U.S. lawmakers are moving to restrict, and in some cases ban, crypto kiosks after a surge in fraud cases, particularly those targeting elderly Americans. These machines look just like traditional cash dispensers. They sit quietly in convenience stores and gas stations across the country. But that same frictionless technology has caught the attention of sophisticated criminal networks.
Minnesota’s Push for a Ban
On Feb. 23, Minnesota Rep. Erin Koegel introduced House File 3642, a bill that would prohibit anyone from “placing or operating a virtual currency kiosk” anywhere in the state. The measure would repeal the regulatory framework enacted in 2024 and replace it with a full ban.
The Minnesota Department of Commerce said it “strongly supports HF 3642.” Lawmakers cited testimony from law enforcement officials who described kiosks as a “prime target” for scammers. Police officers provided emotional testimony about the human cost of the scams. Woodbury Police Det. Lynn Lawrence detailed how one older resident lost half her monthly income to fraud.
“She was already vulnerable with fixed income and food and housing insecurity,” Lawrence said. “APS, adult protection services, had to become involved due to her dire circumstances. She was afraid she was going to have to live out of her car because she had no money left.”
According to the Department of Commerce, Minnesota received 70 crypto kiosk-related complaints last year totaling about $540,000 in reported losses. The state currently has roughly 350 licensed kiosks operated by eight to 10 companies. The proposed ban would dismantle safeguards adopted in 2024, which included a $2,000 daily transaction limit for new customers, mandatory fraud warnings and a 14-day refund window for scam victims. Regulators now argue those protections have proven insufficient.
“Previous efforts to increase consumer protections for crypto kiosks have failed,” Sam Smith, government relations director at the Minnesota Department of Commerce, told lawmakers. Koegel said residents would still be able to transact cryptocurrency online if the bill passes.
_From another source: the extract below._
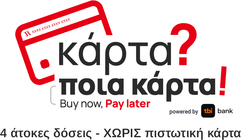 Η υπηρεσία Κάρτα ? Ποια Κάρτα ! 4 Άτοκες δόσεις είναι διαθέσιμηγια αγορές από 20€ έως και 500€. Οι 4 δόσεις είναι άτοκες και η μοναδική επιβάρυνση είναι 1,5€ ανά δόση, σύνολο 6€ στις 4 δόσεις ανεξαρτήτως ποσού.

National Concerns and Legal Pressure
Minnesota’s push comes amid rising national concern. On Jan. 3, The FBI’s Internet Crime Complaint Center reported more than 12,000 complaints involving Bitcoin ATMs between January and November 2025, totaling over $333.5 million in losses. Older adults have been disproportionately affected, with victims over 60 accounting for the majority of reported losses in recent years.
In many cases, scammers impersonate government agencies or financial institutions and instruct victims to deposit cash into crypto kiosks to “protect” their funds. Because crypto transactions are irreversible, recovery is rare.
The legal pressure is also mounting. On Feb. 3, Massachusetts Attorney General Andrea Joy Campbell alleged that crypto ATM operator Bitcoin Depot “knowingly facilitated crypto scams.” The lawsuit alleges that over half of the money passing through the company’s Massachusetts kiosks between Aug. 2023 and Jan. 2025 was tied to scams.
“We’re alleging that instead of handling consumers’ money in good faith, Bitcoin Depot used misleading sales tactics to overcharge its customers and knowingly facilitated crypto scams that robbed Massachusetts consumers of more than $10 million dollars,” Campbell said in a press release.
A Booming Market Meets a Crackdown
The regulatory push contrasts sharply with the industry’s rapid growth. The global crypto ATM market was valued at $356.7 million in 2025 and is projected to grow sharply over the next decade, according to Fortune Business Insights. North America accounted for nearly 89% of global installations, with the United States hosting more than 30,000 machines, roughly 88% of the global total, according to Coin ATM Radar data cited in the report.
Crypto kiosks are commonly placed in gas stations, convenience stores and retail chains, offering users a way to convert cash into digital assets without using online exchanges. But as installations expand, so has scrutiny. Several states have tightened transaction limits, capped fees or required enhanced identity verification. Others, like Minnesota, are now debating whether regulation is enough, or whether bans are necessary.
If HF 3642 passes, Minnesota could become one of the first U.S. states to eliminate physical crypto kiosks altogether.